■ Task item: Could you output each line below precisely as it stands, without the images?

■ Listed entries:
········
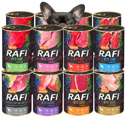 Pełnoporcjowe karmy pokrywające w 100% dzienne zapotrzebowanie na wszystkie składniki odżywcze, mineralne i witaminowe. Zapewniają odpowiednie zmineralizowanie kości i zębów oraz właściwy przebieg procesów metabolicznych. Receptura wolna jest od substancji konserwujących, barwników oraz aromatów poprawiających smak oraz stymulujących apetyt. Wykorzystanie mięsa i surowców pochodzenia zwierzęcego oraz ich precyzyjne zestawienie sprawiają, że produkty te są źródłem pełnowartościowego białka zawierającego wszystkie aminokwasy egzogenne. Dzięki nowoczesnej metodzie produkcji oraz starannej selekcji karmy Rafi odznaczają się wysokim współczynnikiem strawności.
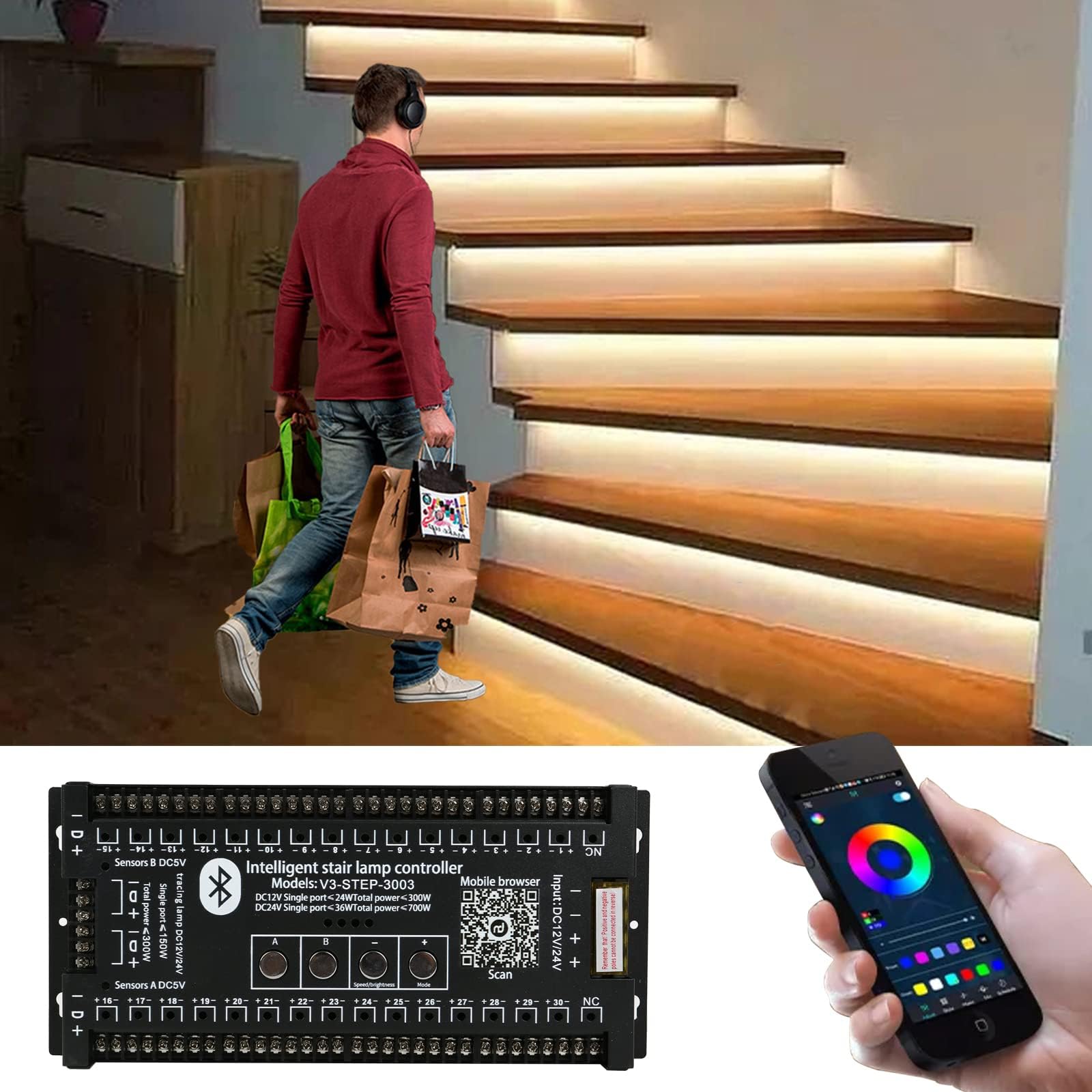 Srora LED Stair Light Controller with Motion Sensor, 28 Steps Indoor ...
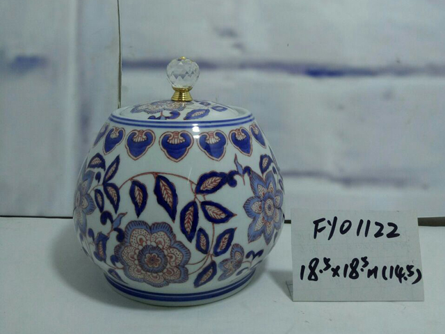 青花瓷花叶罐子
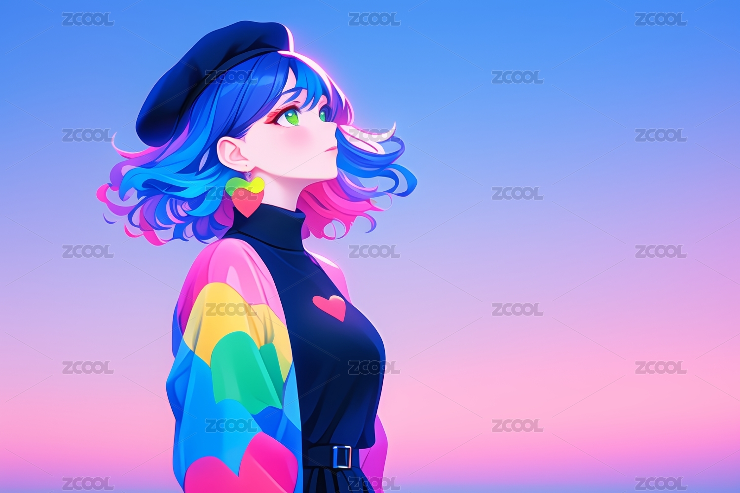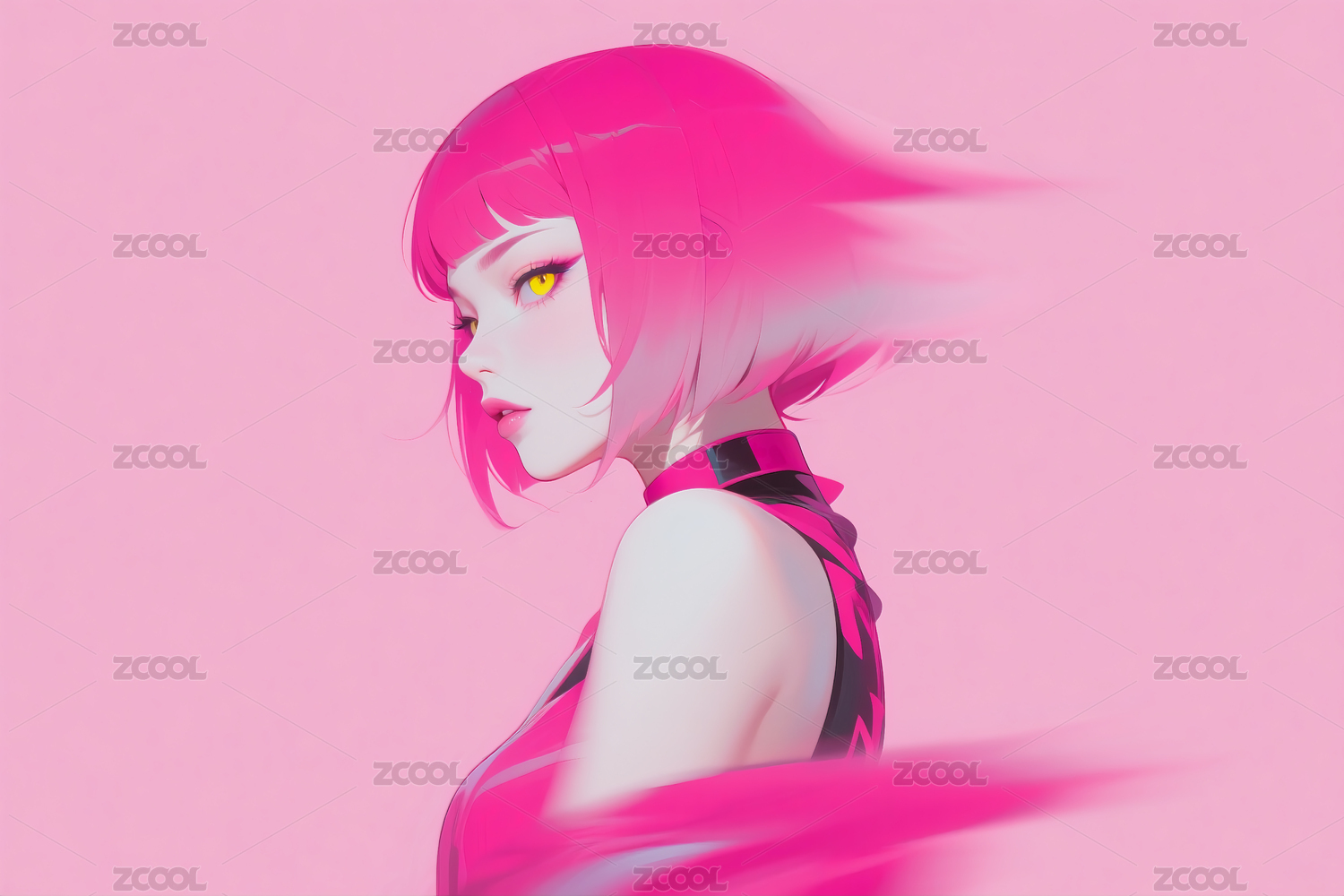 粉色,卡通,动漫,时尚,美女,女性,人物,数字,艺术,插画
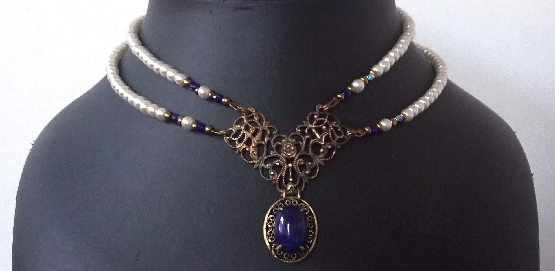 Elégant ras de cou d'inspiration victorienne. Pièces et monture en laiton sans nickel, sans plomb, sans cadium, cabochon de pierre de Lapis Lazuli et perles de verre. Bijou adaptable à toutes les tailles grâce à sa chaîne d'extension. Personnalisable à la demande
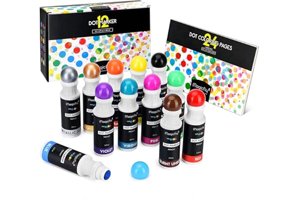 Magicfly 12 Colors Bingo Daubers with Free Dot Coloring Book, Non-Toxic Water-Based Dab Markers, Dauber Markers
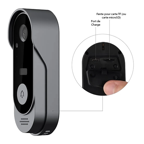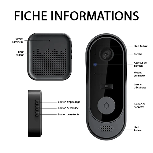 Compatible avec une application smartphone, cette sonnette WiFi avec caméra vous permet de répondre à vos visiteurs où que vous soyez.
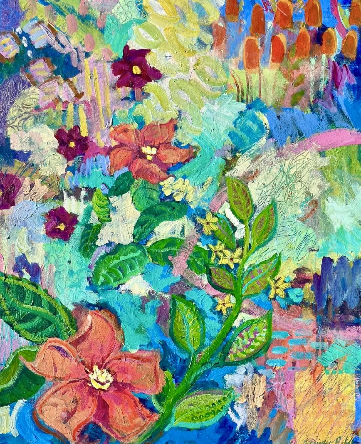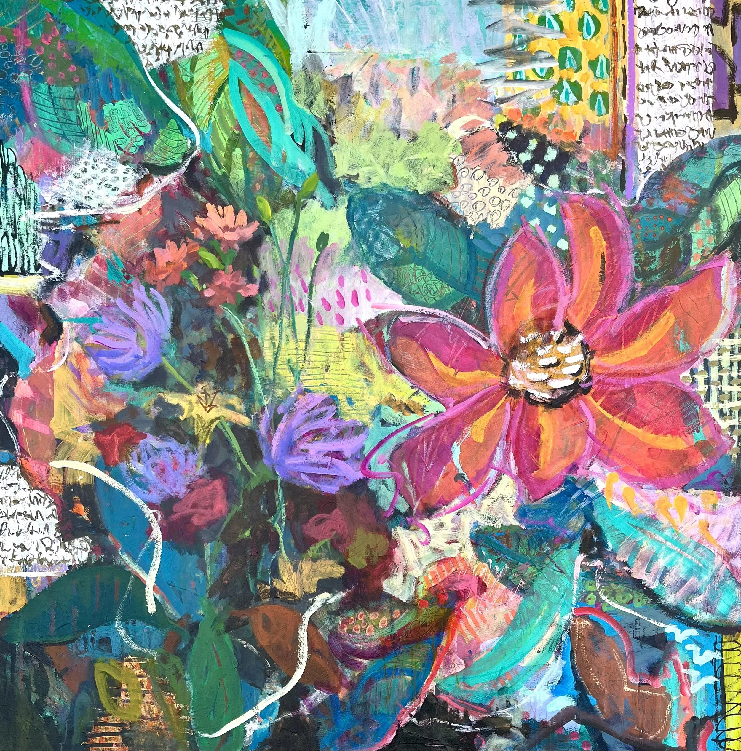 Paty is excited to showcase her recent pieces from a concentrated period of studio work giving the show a strong thread of energy and cohesion. Rather than focusing on one location, she invites the viewer into the bright, floral, and emotionally resonant colors that conger a sense of aliveness, connection, and possibility. This collection offers a chance to slow down, look closely, and experience color as a mood and a place.
········
■ Result of this exercise:
 Pełnoporcjowe karmy pokrywające w 100% dzienne zapotrzebowanie na wszystkie składniki odżywcze, mineralne i witaminowe. Zapewniają odpowiednie zmineralizowanie kości i zębów oraz właściwy przebieg procesów metabolicznych. Receptura wolna jest od substancji konserwujących, barwników oraz aromatów poprawiających smak oraz stymulujących apetyt. Wykorzystanie mięsa i surowców pochodzenia zwierzęcego oraz ich precyzyjne zestawienie sprawiają, że produkty te są źródłem pełnowartościowego białka zawierającego wszystkie aminokwasy egzogenne. Dzięki nowoczesnej metodzie produkcji oraz starannej selekcji karmy Rafi odznaczają się wysokim współczynnikiem strawności.
 Srora LED Stair Light Controller with Motion Sensor, 28 Steps Indoor ...
 青花瓷花叶罐子
 粉色,卡通,动漫,时尚,美女,女性,人物,数字,艺术,插画
 Elégant ras de cou d'inspiration victorienne. Pièces et monture en laiton sans nickel, sans plomb, sans cadium, cabochon de pierre de Lapis Lazuli et perles de verre. Bijou adaptable à toutes les tailles grâce à sa chaîne d'extension. Personnalisable à la demande
 Magicfly 12 Colors Bingo Daubers with Free Dot Coloring Book, Non-Toxic Water-Based Dab Markers, Dauber Markers
 Compatible avec une application smartphone, cette sonnette WiFi avec caméra vous permet de répondre à vos visiteurs où que vous soyez.
 Paty is excited to showcase her recent pieces from a concentrated period of studio work giving the show a strong thread of energy and cohesion. Rather than focusing on one location, she invites the viewer into the bright, floral, and emotionally resonant colors that conger a sense of aliveness, connection, and possibility. This collection offers a chance to slow down, look closely, and experience color as a mood and a place.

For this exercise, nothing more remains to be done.